Re: Topology updates and NUMA-level sched domains

From: Peter Zijlstra
Date: Tue Apr 07 2015 - 15:41:51 EST

On Tue, Apr 07, 2015 at 10:14:10AM -0700, Nishanth Aravamudan wrote:
> > So I think (and ISTR having stated this before) that dynamic cpu<->node
> > maps are absolutely insane.
> Sorry if I wasn't involved at the time. I agree that it's a bit of a
> mess!
> > There is a ton of stuff that assumes the cpu<->node relation is a boot
> > time fixed one. Userspace being one of them. Per-cpu memory another.
> Well, userspace already deals with CPU hotplug, right?

Barely, mostly not.

> And the topology
> updates are, in a lot of ways, just like you've hotplugged a CPU from
> one node and re-hotplugged it into another node.

No, that's very much not the same. Even if it were dealing with hotplug
it would still assume the cpu to return to the same node.

But mostly people do not even bother to handle hotplug.

People very much assume that when they set up their node affinities they
will remain the same for the life time of their program. People set
separate cpu affinity with sched_setaffinity() and memory affinity with
mbind() and assume the cpu<->node maps are invariant.

> I'll look into the per-cpu memory case.

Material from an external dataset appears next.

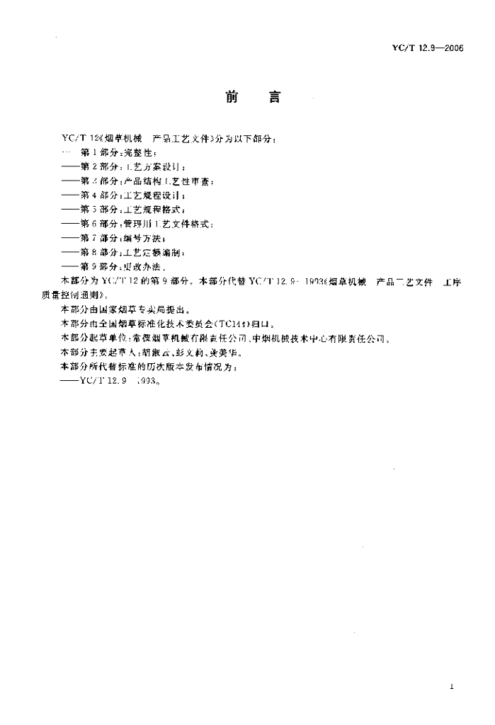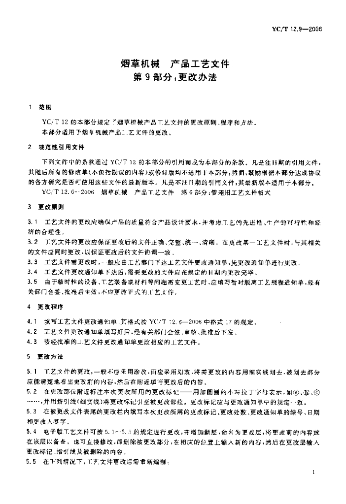 YC/T 12.9-2006 烟草机械 产品工艺文件 第9部分更改办法

Look into everything that does cpu_to_node() based allocations, because
they all assume that that is stable.

They allocate memory at init time to be node local, but they you go an
mess that up.

> For what it's worth, our test teams are stressing the kernel with these
> topology updates and hopefully we'll be able to resolve any issues that
> result.

Still absolutely insane.

> I will look into per-cpu memory, and also another case I have been
> thinking about where if a process is bound to a CPU/node combination via
> numactl and then the topology changes, what exactly will happen. In
> theory, via these topology updates, a node could go from memoryless ->
> not and v.v., which seems like it might not be well supported (but
> again, should not be much different from hotplugging all the memory out
> from a node).

memory hotplug is even less well handled than cpu hotplug.

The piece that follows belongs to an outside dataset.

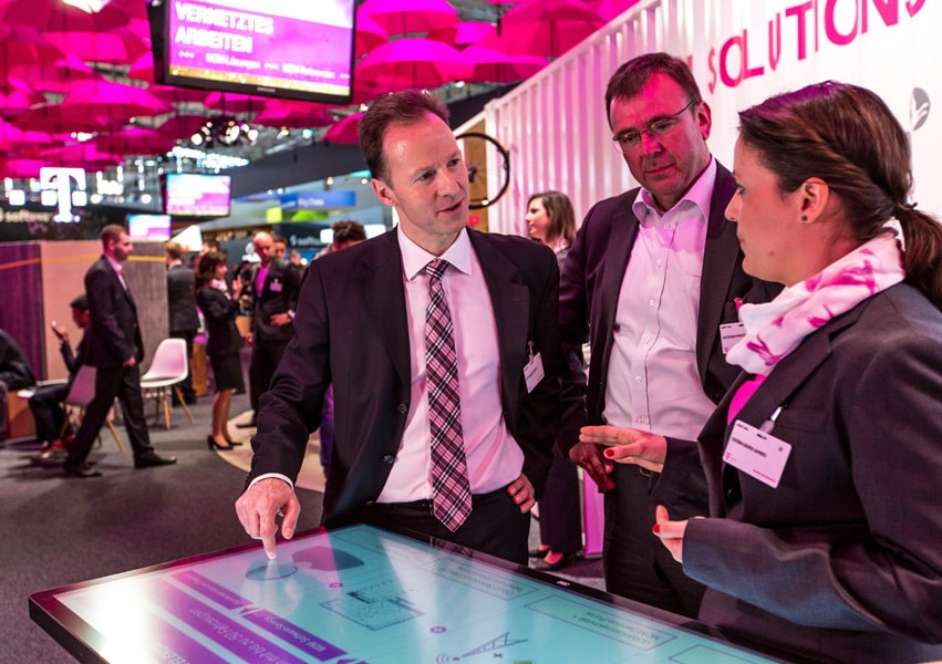 Berater im Kundengespräch am Stand der Telekom auf der CeBIT 2014. (Bild: Telekom )
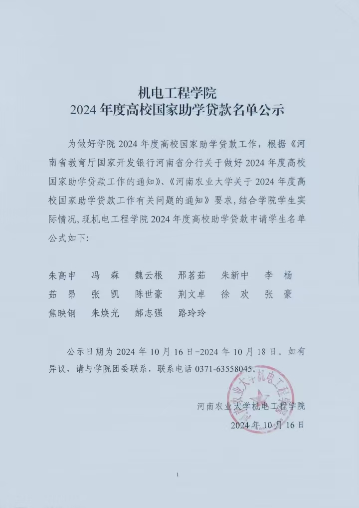 为做好学院2024年度高校国家助学贷款工作,根据《河南省教育厅国家开发银行河南省分行关于做好2024年度高校国家助学贷款工作的通知》、《91社区 关于2024年度高校国家助学贷款工作有关问题的通知》要求,结合学院学生实际情况,现91社区 2024年度高校助学贷款申请学生名单公式如下:

And yes, the fact that you need to go look into WTF happens when people
use numactl should be a big arse red flag. _That_ is breaking userspace.

> And, in fact, I think topologically speaking, I think I should be able
> to repeat the same sched domain warnings if I start off with a 2-node
> system with all CPUs on one node, and then hotplug a CPU onto the second
> node, right? That has nothing to do with power, that I can tell. I'll
> see if I can demonstrate it via a KVM guest.

Uhm, no. CPUs will not first appear on node 0 only to then appear on
node 1 later.

If you have a cpu-less node 1 and then hotplug cpus in they will start
and end live on node 1, they'll never be part of node 0.

Also, cpu/memory - less nodes + hotplug to later populate them are
crazeh in they they never get the performance you get from regular
setups. Its impossible to get node-local right.